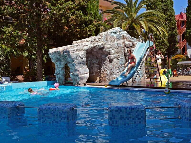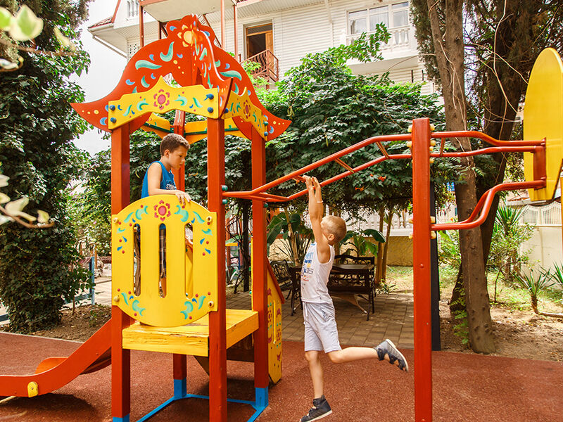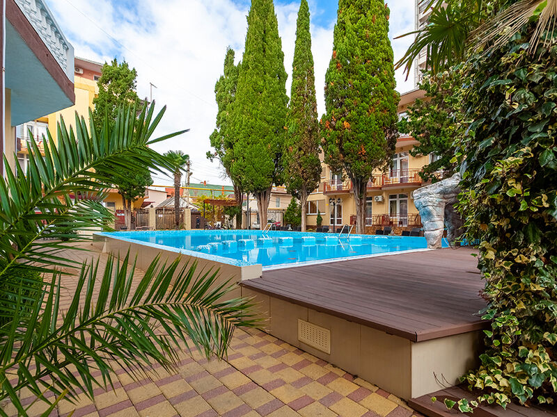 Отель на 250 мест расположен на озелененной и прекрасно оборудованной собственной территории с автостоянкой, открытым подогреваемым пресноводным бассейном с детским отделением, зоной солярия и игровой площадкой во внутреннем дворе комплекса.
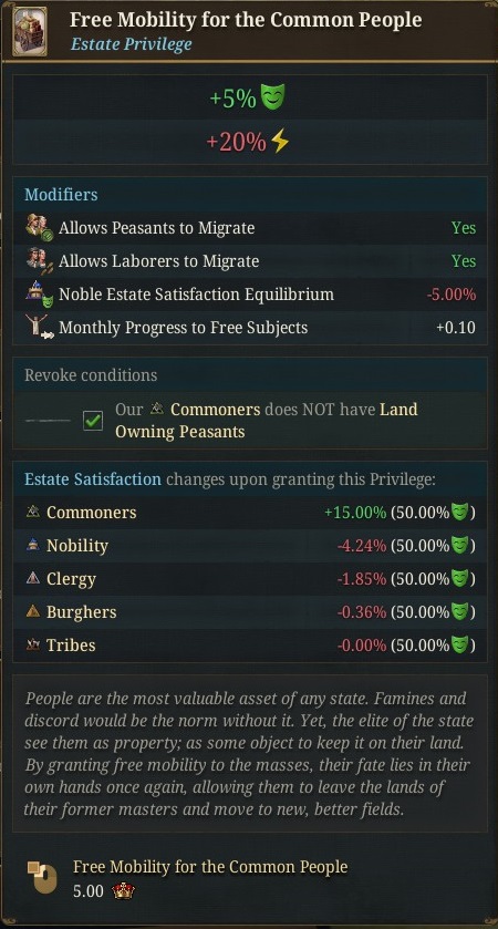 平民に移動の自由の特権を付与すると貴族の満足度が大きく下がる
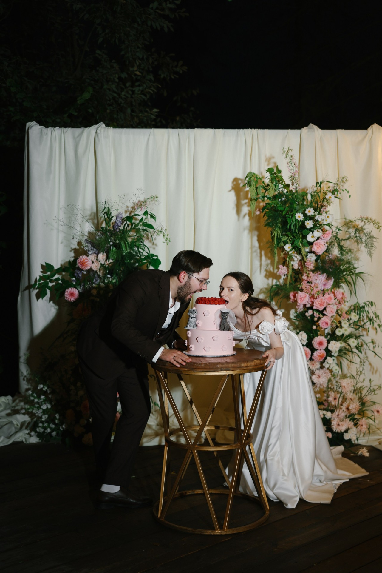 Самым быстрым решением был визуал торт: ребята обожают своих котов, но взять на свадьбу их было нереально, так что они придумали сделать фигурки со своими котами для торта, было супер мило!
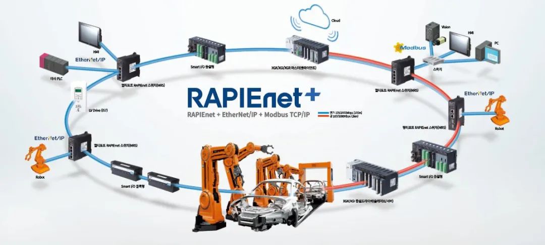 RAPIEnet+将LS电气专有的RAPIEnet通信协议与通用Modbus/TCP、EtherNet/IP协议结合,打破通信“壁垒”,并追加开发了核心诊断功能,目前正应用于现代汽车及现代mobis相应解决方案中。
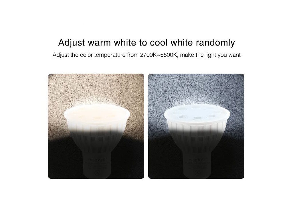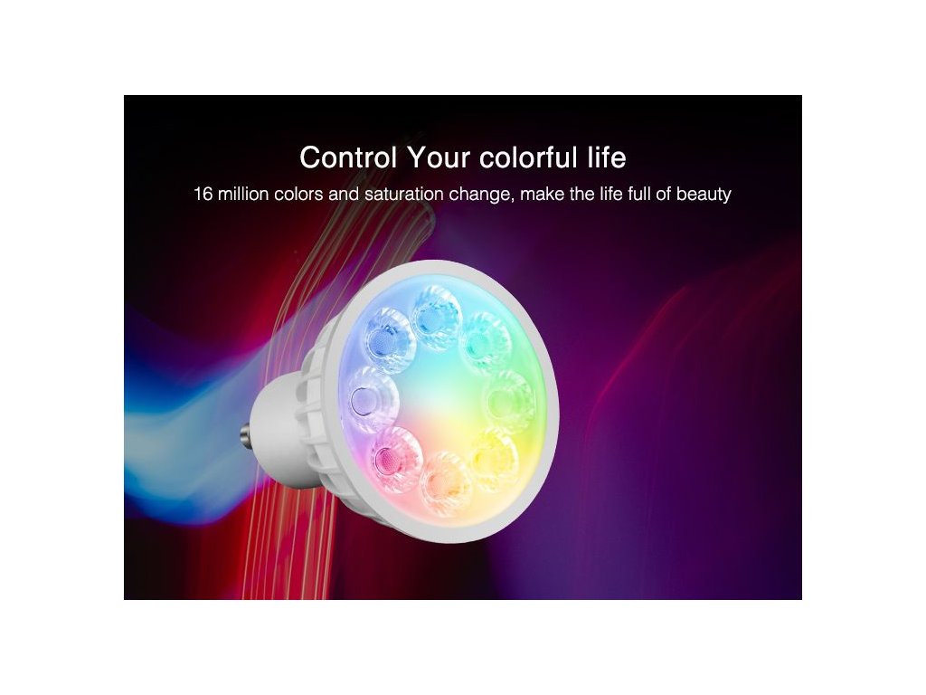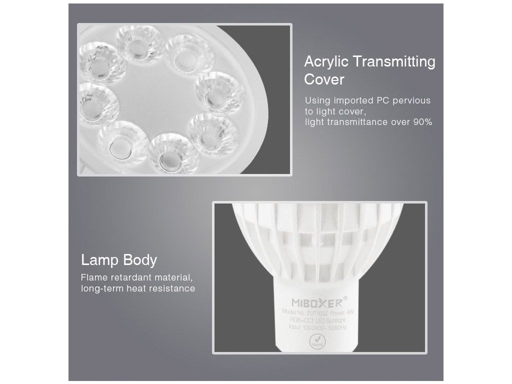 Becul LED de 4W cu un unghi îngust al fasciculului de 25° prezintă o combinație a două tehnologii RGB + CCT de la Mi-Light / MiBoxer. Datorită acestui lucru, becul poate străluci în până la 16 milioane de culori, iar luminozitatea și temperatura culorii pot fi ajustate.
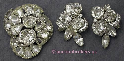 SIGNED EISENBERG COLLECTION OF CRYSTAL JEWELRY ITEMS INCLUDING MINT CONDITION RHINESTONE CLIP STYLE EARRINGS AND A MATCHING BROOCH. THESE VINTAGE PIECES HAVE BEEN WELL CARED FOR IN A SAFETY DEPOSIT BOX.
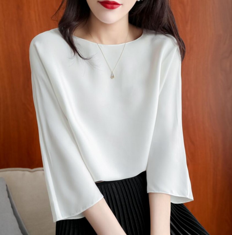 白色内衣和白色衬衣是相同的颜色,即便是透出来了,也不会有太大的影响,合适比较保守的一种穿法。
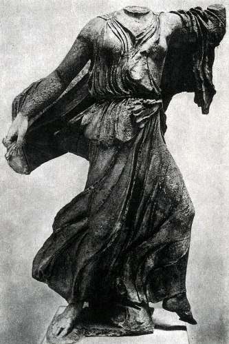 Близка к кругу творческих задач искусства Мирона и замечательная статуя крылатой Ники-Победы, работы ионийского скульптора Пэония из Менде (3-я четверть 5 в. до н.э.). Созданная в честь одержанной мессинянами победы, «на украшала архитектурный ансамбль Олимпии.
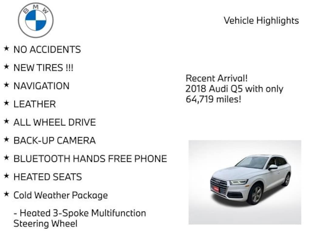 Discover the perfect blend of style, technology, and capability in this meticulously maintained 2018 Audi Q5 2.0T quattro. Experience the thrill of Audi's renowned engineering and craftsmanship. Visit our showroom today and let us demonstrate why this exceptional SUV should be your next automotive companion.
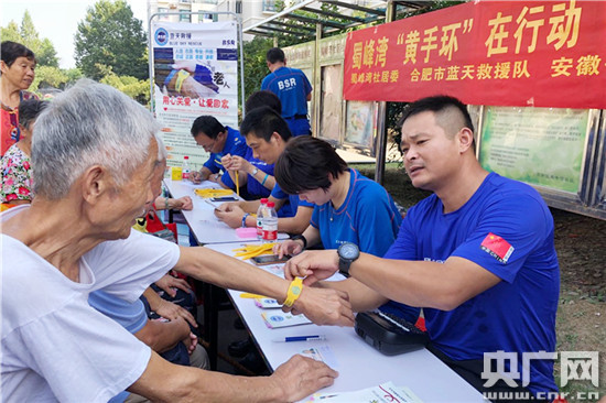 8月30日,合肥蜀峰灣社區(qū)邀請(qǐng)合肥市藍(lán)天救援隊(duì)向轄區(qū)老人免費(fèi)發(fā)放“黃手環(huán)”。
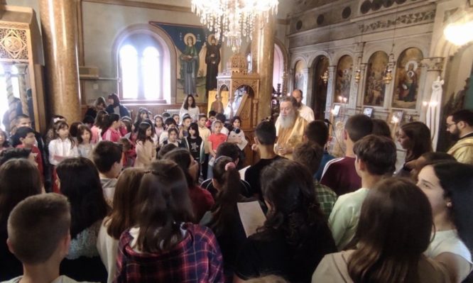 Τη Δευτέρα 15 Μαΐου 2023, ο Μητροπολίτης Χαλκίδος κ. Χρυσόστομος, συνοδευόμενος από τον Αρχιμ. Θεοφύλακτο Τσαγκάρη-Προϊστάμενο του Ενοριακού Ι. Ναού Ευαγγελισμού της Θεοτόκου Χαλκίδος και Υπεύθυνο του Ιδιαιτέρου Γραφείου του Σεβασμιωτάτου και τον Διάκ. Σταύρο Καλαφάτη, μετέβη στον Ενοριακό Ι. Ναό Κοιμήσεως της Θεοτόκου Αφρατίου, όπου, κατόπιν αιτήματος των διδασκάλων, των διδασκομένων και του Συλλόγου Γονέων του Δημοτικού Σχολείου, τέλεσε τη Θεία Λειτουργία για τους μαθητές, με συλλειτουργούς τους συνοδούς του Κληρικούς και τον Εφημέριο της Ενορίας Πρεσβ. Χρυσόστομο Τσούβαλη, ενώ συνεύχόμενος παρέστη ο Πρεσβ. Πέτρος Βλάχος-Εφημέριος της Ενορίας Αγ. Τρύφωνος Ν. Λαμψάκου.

▶ [WORK ORDER] Without the pictures, reproduce every record exactly as it appears above.

▶ [REPLY]
 Отель на 250 мест расположен на озелененной и прекрасно оборудованной собственной территории с автостоянкой, открытым подогреваемым пресноводным бассейном с детским отделением, зоной солярия и игровой площадкой во внутреннем дворе комплекса.
 平民に移動の自由の特権を付与すると貴族の満足度が大きく下がる
 Самым быстрым решением был визуал торт: ребята обожают своих котов, но взять на свадьбу их было нереально, так что они придумали сделать фигурки со своими котами для торта, было супер мило!
 RAPIEnet+将LS电气专有的RAPIEnet通信协议与通用Modbus/TCP、EtherNet/IP协议结合,打破通信“壁垒”,并追加开发了核心诊断功能,目前正应用于现代汽车及现代mobis相应解决方案中。
 Becul LED de 4W cu un unghi îngust al fasciculului de 25° prezintă o combinație a două tehnologii RGB + CCT de la Mi-Light / MiBoxer. Datorită acestui lucru, becul poate străluci în până la 16 milioane de culori, iar luminozitatea și temperatura culorii pot fi ajustate.
 SIGNED EISENBERG COLLECTION OF CRYSTAL JEWELRY ITEMS INCLUDING MINT CONDITION RHINESTONE CLIP STYLE EARRINGS AND A MATCHING BROOCH. THESE VINTAGE PIECES HAVE BEEN WELL CARED FOR IN A SAFETY DEPOSIT BOX.
 白色内衣和白色衬衣是相同的颜色,即便是透出来了,也不会有太大的影响,合适比较保守的一种穿法。
 Близка к кругу творческих задач искусства Мирона и замечательная статуя крылатой Ники-Победы, работы ионийского скульптора Пэония из Менде (3-я четверть 5 в. до н.э.). Созданная в честь одержанной мессинянами победы, «на украшала архитектурный ансамбль Олимпии.
 Discover the perfect blend of style, technology, and capability in this meticulously maintained 2018 Audi Q5 2.0T quattro. Experience the thrill of Audi's renowned engineering and craftsmanship. Visit our showroom today and let us demonstrate why this exceptional SUV should be your next automotive companion.
 8月30日,合肥蜀峰灣社區(qū)邀請(qǐng)合肥市藍(lán)天救援隊(duì)向轄區(qū)老人免費(fèi)發(fā)放“黃手環(huán)”。
 Τη Δευτέρα 15 Μαΐου 2023, ο Μητροπολίτης Χαλκίδος κ. Χρυσόστομος, συνοδευόμενος από τον Αρχιμ. Θεοφύλακτο Τσαγκάρη-Προϊστάμενο του Ενοριακού Ι. Ναού Ευαγγελισμού της Θεοτόκου Χαλκίδος και Υπεύθυνο του Ιδιαιτέρου Γραφείου του Σεβασμιωτάτου και τον Διάκ. Σταύρο Καλαφάτη, μετέβη στον Ενοριακό Ι. Ναό Κοιμήσεως της Θεοτόκου Αφρατίου, όπου, κατόπιν αιτήματος των διδασκάλων, των διδασκομένων και του Συλλόγου Γονέων του Δημοτικού Σχολείου, τέλεσε τη Θεία Λειτουργία για τους μαθητές, με συλλειτουργούς τους συνοδούς του Κληρικούς και τον Εφημέριο της Ενορίας Πρεσβ. Χρυσόστομο Τσούβαλη, ενώ συνεύχόμενος παρέστη ο Πρεσβ. Πέτρος Βλάχος-Εφημέριος της Ενορίας Αγ. Τρύφωνος Ν. Λαμψάκου.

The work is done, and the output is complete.